I wrote Shrike because I was doing a lot of bytecode instrumentation of large projects and I was dissatisfied with the convenience and performance of available bytecode manipulation libraries; at the time, BCEL was the main contender, although IBM had an internal library called JikesBT. I'd written a bytecode reader for my thesis work at CMU and I thought I had some ideas that would let me write a library that was smaller, faster, and much more convenient to use than the existing options. In my humble opinion, I succeeded :-).

Shrike was based on a number of ideas:


  • BCEL parses .class file into one large mutable data structure representing a class and its methods. You can then modify the structure, e.g. by inserting instructions into a method, and then BCEL will compile that structure back into a .class file. This is slow, because a lot of data has to be parsed and then recompiled even if it's not modified.
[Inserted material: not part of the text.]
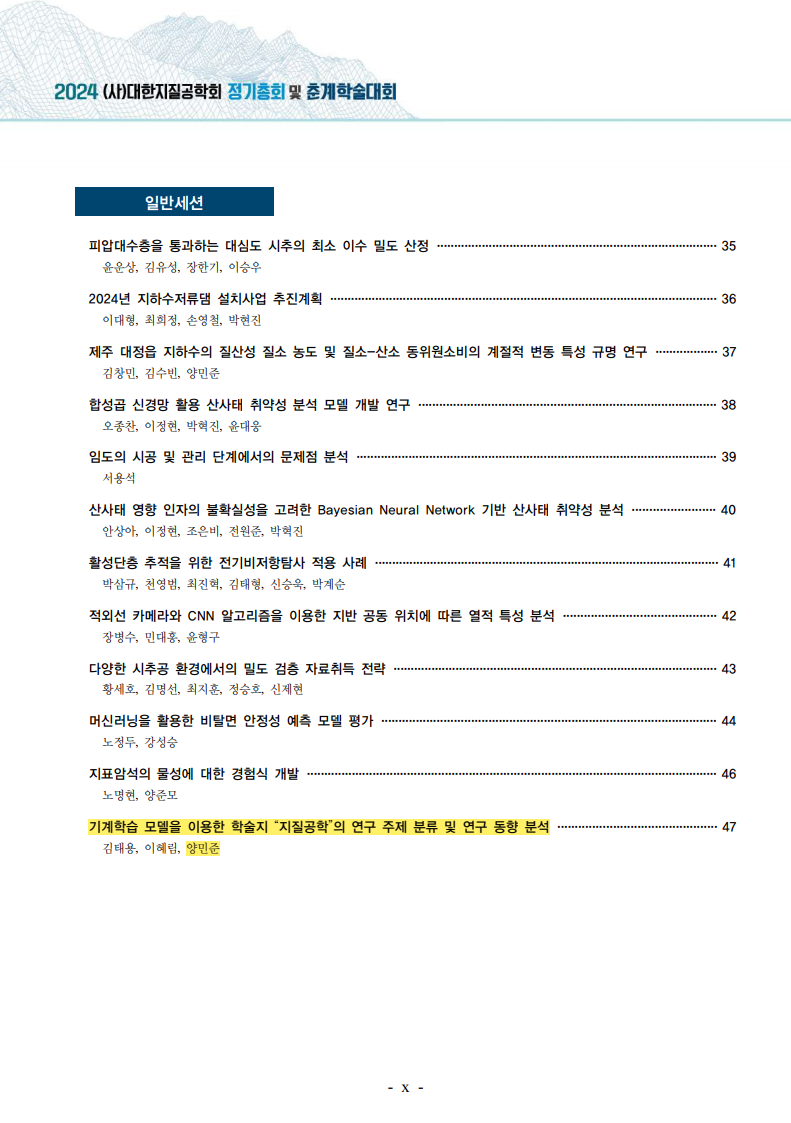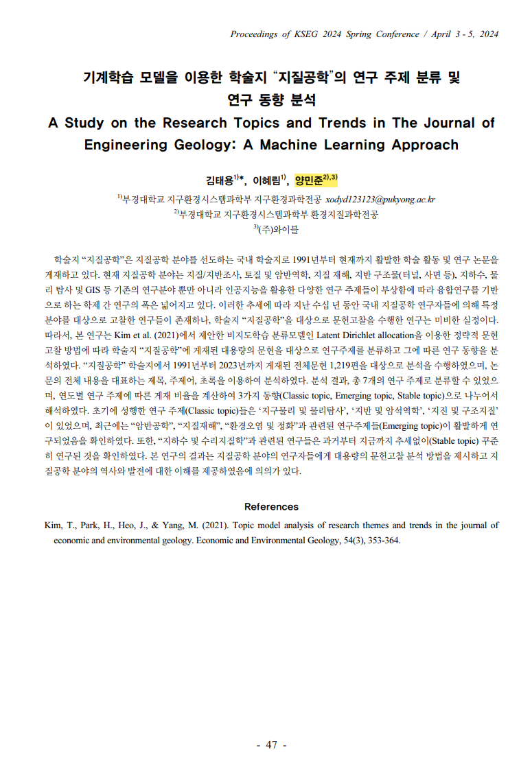 (양민준) 2024 (사)대한지질공학회 정기총회 및 춘계학술대회_기계학습 모델을 이용한 학술지“지질공학”의 연구 주제 분류 및 연구 동향 분석

It's also a clumsy interface to use, because inserting instructions into a method requires manual adjustment of things like branch targets, exception handler ranges and the like. It's *especially* clumsy when you want to compose multiple independent instrumentation passes applied to the same original code --- you run head on into the problem of one pass instrumenting the code belonging to previous passes. Shrike avoids these problems by offering a patch-based API for code instrumentation. This means you specify your desired changes as fragments of code that should be inserted at specific points. You can add a number of patches, but none of the underlying code is changed until you request those patches be committed. Then Shrike makes one pass over the code, applying all patches and updating all branch targets, exception handlers etc for you. It's very convenient and very fast.
  • Similarly, Shrike doesn't actually give you any mutable object representing a class. There are class reader objects, which give you access to immutable class data, and class writer objects, which essentially are sinks you can use to compile a class. There are utilities for copying a class from a reader to a writer, of course with the option to modify things along the way. Methods and other class data which is not being modified can be copied directly without being parsed or recompiled! This is a huge performance win.
  • Shrike's code representation is better than BCEL's. BCEL uses a linked list of instruction objects; instruction objects are mutable and therefore created fresh for each instruction of each method. In Shrike instruction objects are immutable and the code for a method is simply an array of instruction objects. Inserting or deleting from an array would be slow but thanks to the patch API we don't have to do that. Because instruction objects are immutable, they can be shared within and between methods. This makes bytecode parsing very fast; for the Java bytecode instructions that take no operands, parsing just requires looking up the instruction object in a table and then storing a reference to that object in the code array.
  • Shrike also handles the exception handler ranges in a nice way. In the class file, each exception handler specifies a range of instructions it covers. This is a real pain to manipulate directly if you're moving instructions around or if you want to add or remove handling from a range of instructions. In Shrike there's just an array of exception handler lists, one list for each instruction. These lists are immutable so they can be shared by all instructions which have the same exception handlers covering them. This is very easy to manipulate and it turns out that converting handler ranges to these lists and back again is very efficient.
  • The Java bytecode format has an incredibly nasty feature called JSR --- little subroutines that you could use inside the code for a single method. This was an ill-advised attempt to avoid code explosion in the compilation of "try ... finally" blocks. Several people, including me, scored rather meaningless publications by discussing how to handle this quirk in type systems. Shrike hides it completely by converting all incoming JSR usage to inlined bytecodes; Shrike users never see JSRs.
  • The Java class file format restricts methods to 64K bytecodes. Some of the instrumentation I was doing was blowing this limit in a few methods (primarily static class initializers for certain library classes). Shrike deals with this problem by auto-magically breaking up oversized methods into one method calling helpers. It uses heuristics and may fail, but never actually does. It's a rather esoteric feature but invaluable when you need it...
  • Shrike provides simple dataflow analysis of its code representation. You can use this to figure out the type of any local variable or expression stack location at any instruction, which is very useful for instrumentation. Shrike also provides a bytecode verifier based on that, which is very useful for finding bugs in your instrumentation...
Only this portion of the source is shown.